> Work request
Repeat what the lines below say, word for word, and skip every image.

Items listed in a dataset
——
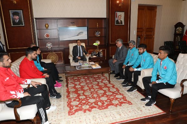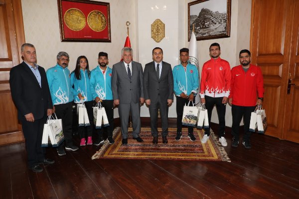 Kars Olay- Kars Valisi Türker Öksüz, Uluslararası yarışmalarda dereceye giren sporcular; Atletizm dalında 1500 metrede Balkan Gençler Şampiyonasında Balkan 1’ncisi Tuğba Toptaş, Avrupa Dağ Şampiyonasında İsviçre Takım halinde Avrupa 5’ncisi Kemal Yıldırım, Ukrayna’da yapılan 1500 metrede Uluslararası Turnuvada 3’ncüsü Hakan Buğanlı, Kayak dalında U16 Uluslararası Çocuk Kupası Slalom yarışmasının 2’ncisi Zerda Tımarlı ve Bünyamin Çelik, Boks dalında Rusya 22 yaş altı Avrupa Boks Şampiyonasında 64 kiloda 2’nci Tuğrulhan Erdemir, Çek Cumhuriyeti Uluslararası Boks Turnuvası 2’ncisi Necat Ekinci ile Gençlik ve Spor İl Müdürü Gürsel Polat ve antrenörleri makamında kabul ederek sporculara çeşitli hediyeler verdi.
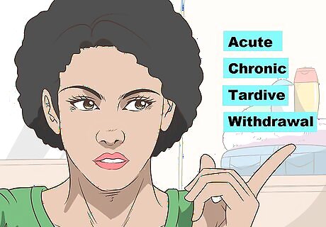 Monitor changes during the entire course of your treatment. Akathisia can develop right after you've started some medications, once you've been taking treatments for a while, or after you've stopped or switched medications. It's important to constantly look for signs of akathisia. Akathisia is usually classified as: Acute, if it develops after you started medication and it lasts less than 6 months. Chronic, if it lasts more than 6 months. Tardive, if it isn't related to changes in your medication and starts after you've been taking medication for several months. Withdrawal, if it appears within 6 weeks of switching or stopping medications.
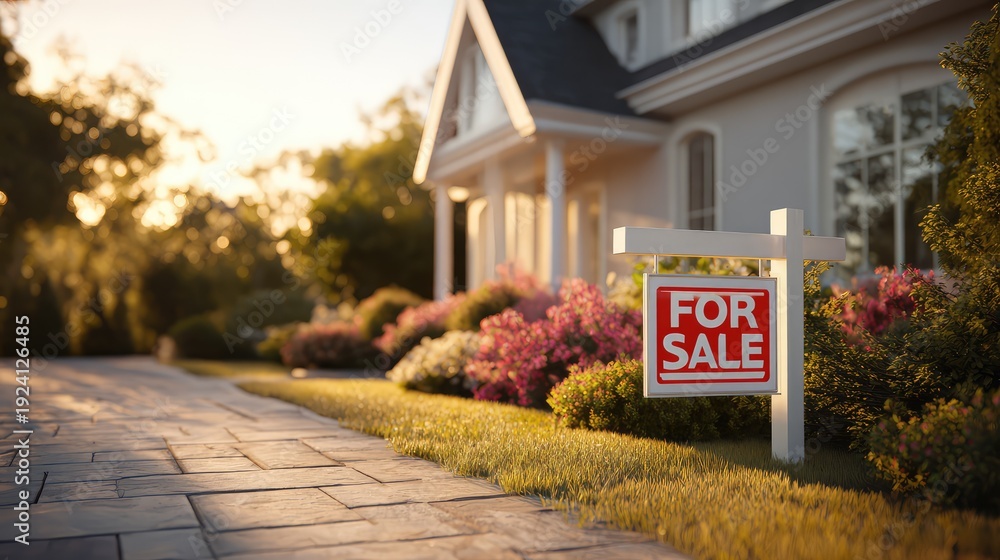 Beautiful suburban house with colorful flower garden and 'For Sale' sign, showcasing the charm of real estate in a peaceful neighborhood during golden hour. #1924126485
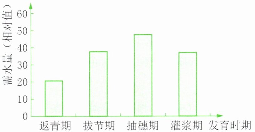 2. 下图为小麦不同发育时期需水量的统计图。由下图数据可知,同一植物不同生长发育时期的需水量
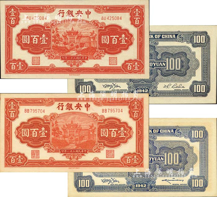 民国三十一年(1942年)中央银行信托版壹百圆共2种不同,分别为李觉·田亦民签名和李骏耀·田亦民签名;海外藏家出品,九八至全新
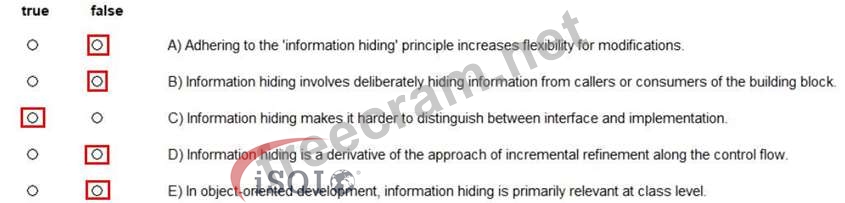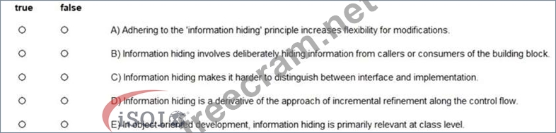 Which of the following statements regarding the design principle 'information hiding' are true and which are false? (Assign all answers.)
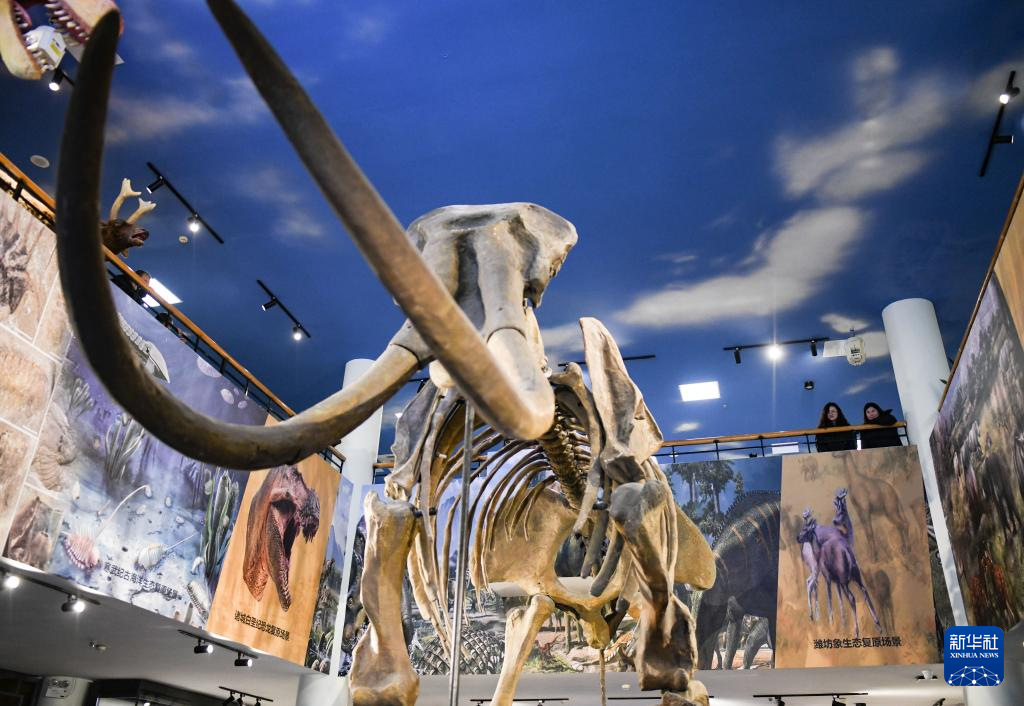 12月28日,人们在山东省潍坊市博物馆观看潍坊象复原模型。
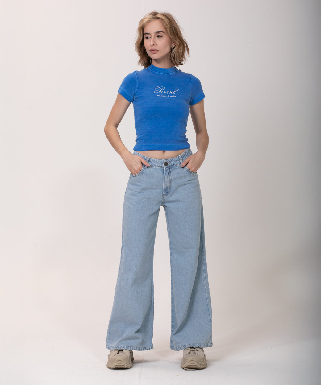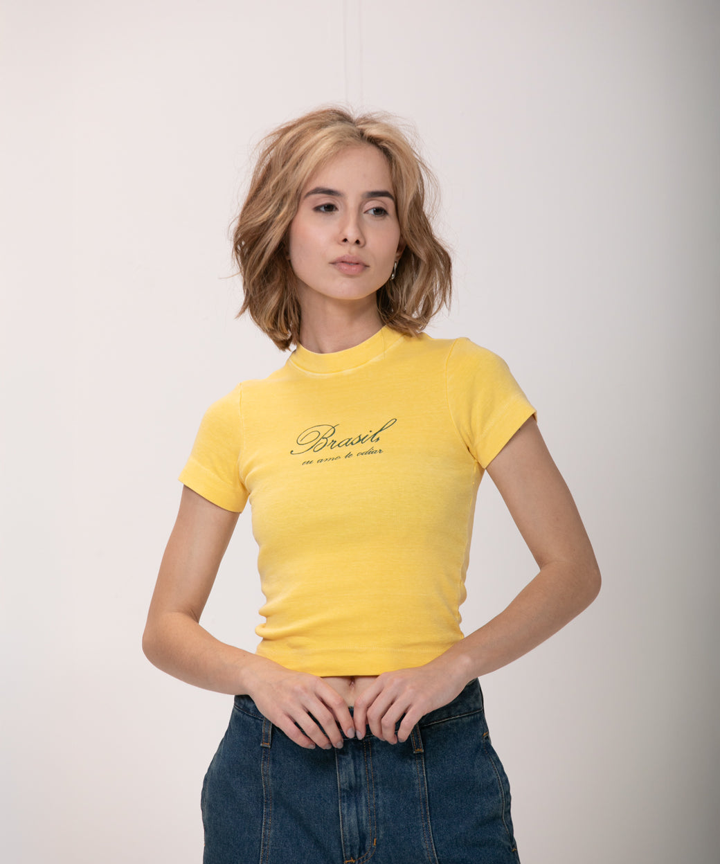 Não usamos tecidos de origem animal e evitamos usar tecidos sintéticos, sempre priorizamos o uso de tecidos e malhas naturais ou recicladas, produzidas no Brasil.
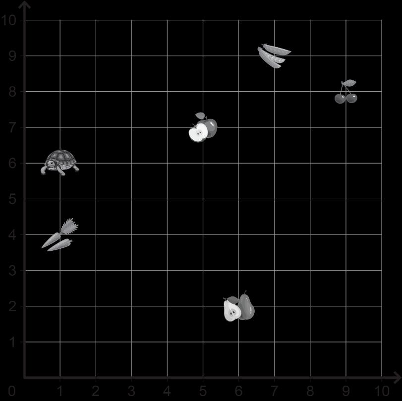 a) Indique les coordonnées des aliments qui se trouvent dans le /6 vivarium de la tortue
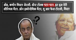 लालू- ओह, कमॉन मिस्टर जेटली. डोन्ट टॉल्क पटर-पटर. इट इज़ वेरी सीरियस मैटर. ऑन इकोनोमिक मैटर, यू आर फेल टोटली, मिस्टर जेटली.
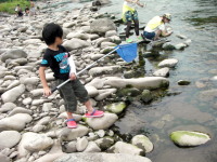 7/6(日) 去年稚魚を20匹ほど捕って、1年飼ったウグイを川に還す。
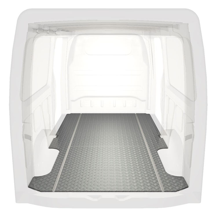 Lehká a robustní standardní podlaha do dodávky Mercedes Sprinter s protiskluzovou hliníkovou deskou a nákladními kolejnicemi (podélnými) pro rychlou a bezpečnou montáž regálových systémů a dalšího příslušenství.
——
> Answer for this exercise
 Kars Olay- Kars Valisi Türker Öksüz, Uluslararası yarışmalarda dereceye giren sporcular; Atletizm dalında 1500 metrede Balkan Gençler Şampiyonasında Balkan 1’ncisi Tuğba Toptaş, Avrupa Dağ Şampiyonasında İsviçre Takım halinde Avrupa 5’ncisi Kemal Yıldırım, Ukrayna’da yapılan 1500 metrede Uluslararası Turnuvada 3’ncüsü Hakan Buğanlı, Kayak dalında U16 Uluslararası Çocuk Kupası Slalom yarışmasının 2’ncisi Zerda Tımarlı ve Bünyamin Çelik, Boks dalında Rusya 22 yaş altı Avrupa Boks Şampiyonasında 64 kiloda 2’nci Tuğrulhan Erdemir, Çek Cumhuriyeti Uluslararası Boks Turnuvası 2’ncisi Necat Ekinci ile Gençlik ve Spor İl Müdürü Gürsel Polat ve antrenörleri makamında kabul ederek sporculara çeşitli hediyeler verdi.
 Monitor changes during the entire course of your treatment. Akathisia can develop right after you've started some medications, once you've been taking treatments for a while, or after you've stopped or switched medications. It's important to constantly look for signs of akathisia. Akathisia is usually classified as: Acute, if it develops after you started medication and it lasts less than 6 months. Chronic, if it lasts more than 6 months. Tardive, if it isn't related to changes in your medication and starts after you've been taking medication for several months. Withdrawal, if it appears within 6 weeks of switching or stopping medications.
 Beautiful suburban house with colorful flower garden and 'For Sale' sign, showcasing the charm of real estate in a peaceful neighborhood during golden hour. #1924126485
 2. 下图为小麦不同发育时期需水量的统计图。由下图数据可知,同一植物不同生长发育时期的需水量
 民国三十一年(1942年)中央银行信托版壹百圆共2种不同,分别为李觉·田亦民签名和李骏耀·田亦民签名;海外藏家出品,九八至全新
 Which of the following statements regarding the design principle 'information hiding' are true and which are false? (Assign all answers.)
 12月28日,人们在山东省潍坊市博物馆观看潍坊象复原模型。
 Não usamos tecidos de origem animal e evitamos usar tecidos sintéticos, sempre priorizamos o uso de tecidos e malhas naturais ou recicladas, produzidas no Brasil.
 a) Indique les coordonnées des aliments qui se trouvent dans le /6 vivarium de la tortue
 लालू- ओह, कमॉन मिस्टर जेटली. डोन्ट टॉल्क पटर-पटर. इट इज़ वेरी सीरियस मैटर. ऑन इकोनोमिक मैटर, यू आर फेल टोटली, मिस्टर जेटली.
 7/6(日) 去年稚魚を20匹ほど捕って、1年飼ったウグイを川に還す。
 Lehká a robustní standardní podlaha do dodávky Mercedes Sprinter s protiskluzovou hliníkovou deskou a nákladními kolejnicemi (podélnými) pro rychlou a bezpečnou montáž regálových systémů a dalšího příslušenství.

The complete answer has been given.